### WHAT TO WORK ON
Copy all records precisely, apart from the pictures.

### DATA EXTRACTS
◇ ◇ ◇ ◇ ◇ ◇ ◇

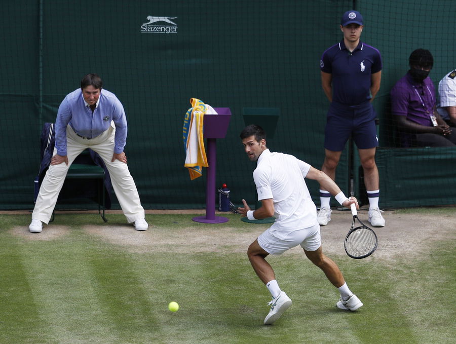 Novak Djokovic in action during his final match against Italy’s Matteo Berrettini Pool via REUTERS/Peter Nicholls
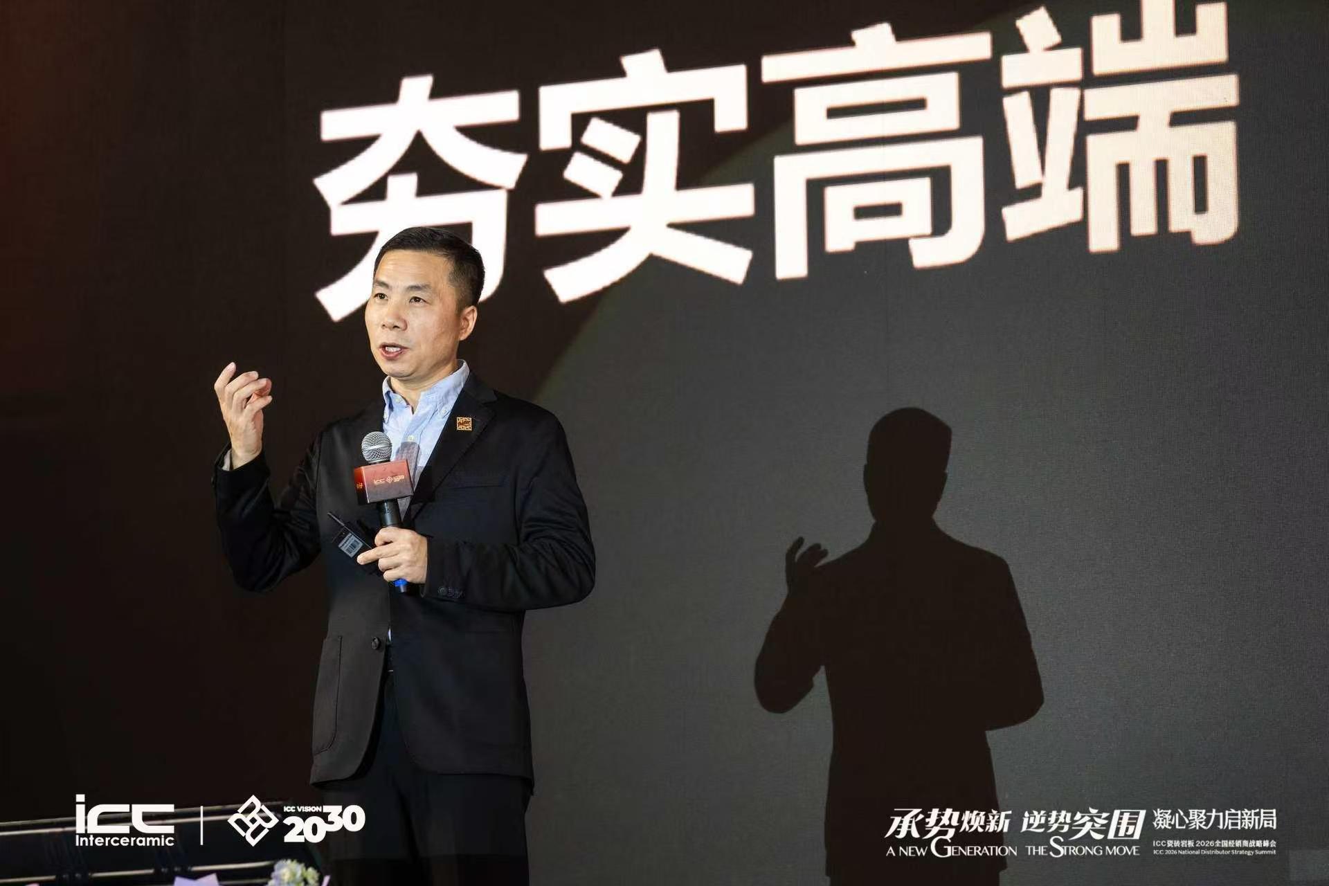最后,ICC瓷砖岩板董事长何乾先生发表总结致辞,从战略高度为品牌发展指明方向,强调董事会将持续鼎力支持,并传递了与经销商伙伴共赴2030顶峰之约的决心。
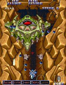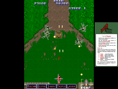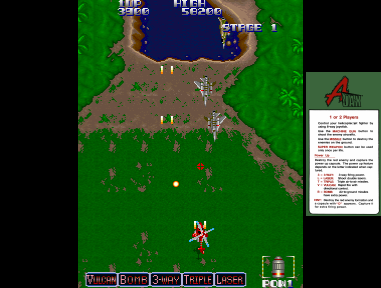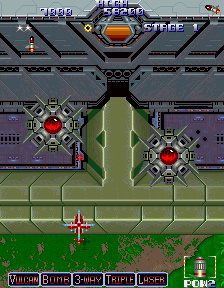 The game is designed as a vertically scrolling shoot ’em up, featuring both airborne and ground-based combat. Players have the capability to switch between two modes of attack, toggling between an air-based fighter plane and a ground-assault tank. This dual-mode gameplay offered a unique twist to the traditional shooter genre, adding an extra layer of strategy as players must decide on the fly which mode best suits the current scenario.
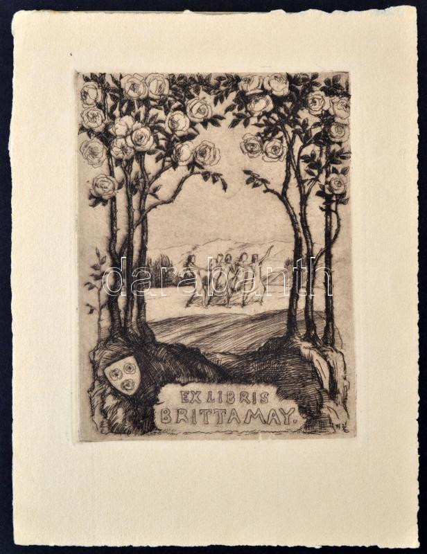 Beschreibung: Jokisch Eduard (1867-1943): Ex Libris Britta May. Rézkarc, papír, jelzett a karcon, 11×8 cm
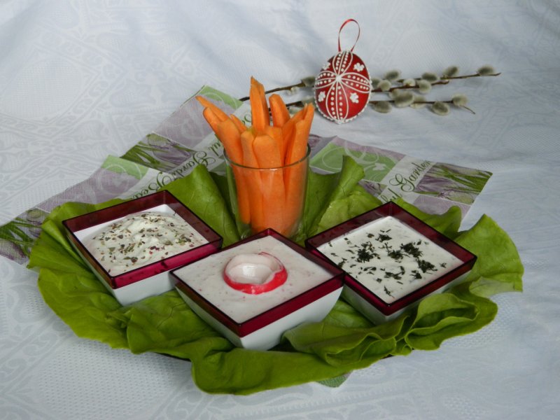Este o gustare sănătoasă de Paști, copiii o să fie încântați să mănânce bețigașe de morcovi cu diferite salate condimentate.
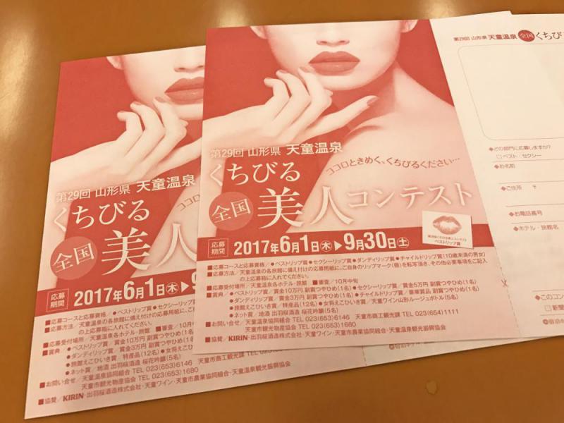 応募受付開始から約2カ月で当館の応募BOXにもたくさんのエントリー用紙が集まっているようです♪それぞれの賞の受賞者には天童市ならではの副賞もあるようなので、まだエントリーされていない方はお早めにご応募くださいませ♪応募〆切は9/30までですよ!【くちびる美人コンテスト】応募方法:天童温泉の各旅館に備え付けの応募用紙に、ご自身のリップマークを転写いただき、その他必要事項をご記入の上応募箱にお入れください。応募コース:ベストリップ賞、チャイルドリップ賞、ダンディリップ賞など賞品:応募コースに合わせて賞金や副賞が授与されます天童市観光協会 http://bussan-tendo.gr.jp/db/?d=7814 美味求真の宿 天童ホテルhttp://www.tendohotel.co.jp/

◇ ◇ ◇ ◇ ◇ ◇ ◇

### REPLY TO THE EXERCISE
 Novak Djokovic in action during his final match against Italy’s Matteo Berrettini Pool via REUTERS/Peter Nicholls
最后,ICC瓷砖岩板董事长何乾先生发表总结致辞,从战略高度为品牌发展指明方向,强调董事会将持续鼎力支持,并传递了与经销商伙伴共赴2030顶峰之约的决心。
 The game is designed as a vertically scrolling shoot ’em up, featuring both airborne and ground-based combat. Players have the capability to switch between two modes of attack, toggling between an air-based fighter plane and a ground-assault tank. This dual-mode gameplay offered a unique twist to the traditional shooter genre, adding an extra layer of strategy as players must decide on the fly which mode best suits the current scenario.
 Beschreibung: Jokisch Eduard (1867-1943): Ex Libris Britta May. Rézkarc, papír, jelzett a karcon, 11×8 cm
Este o gustare sănătoasă de Paști, copiii o să fie încântați să mănânce bețigașe de morcovi cu diferite salate condimentate.
 応募受付開始から約2カ月で当館の応募BOXにもたくさんのエントリー用紙が集まっているようです♪それぞれの賞の受賞者には天童市ならではの副賞もあるようなので、まだエントリーされていない方はお早めにご応募くださいませ♪応募〆切は9/30までですよ!【くちびる美人コンテスト】応募方法:天童温泉の各旅館に備え付けの応募用紙に、ご自身のリップマークを転写いただき、その他必要事項をご記入の上応募箱にお入れください。応募コース:ベストリップ賞、チャイルドリップ賞、ダンディリップ賞など賞品:応募コースに合わせて賞金や副賞が授与されます天童市観光協会 http://bussan-tendo.gr.jp/db/?d=7814 美味求真の宿 天童ホテルhttp://www.tendohotel.co.jp/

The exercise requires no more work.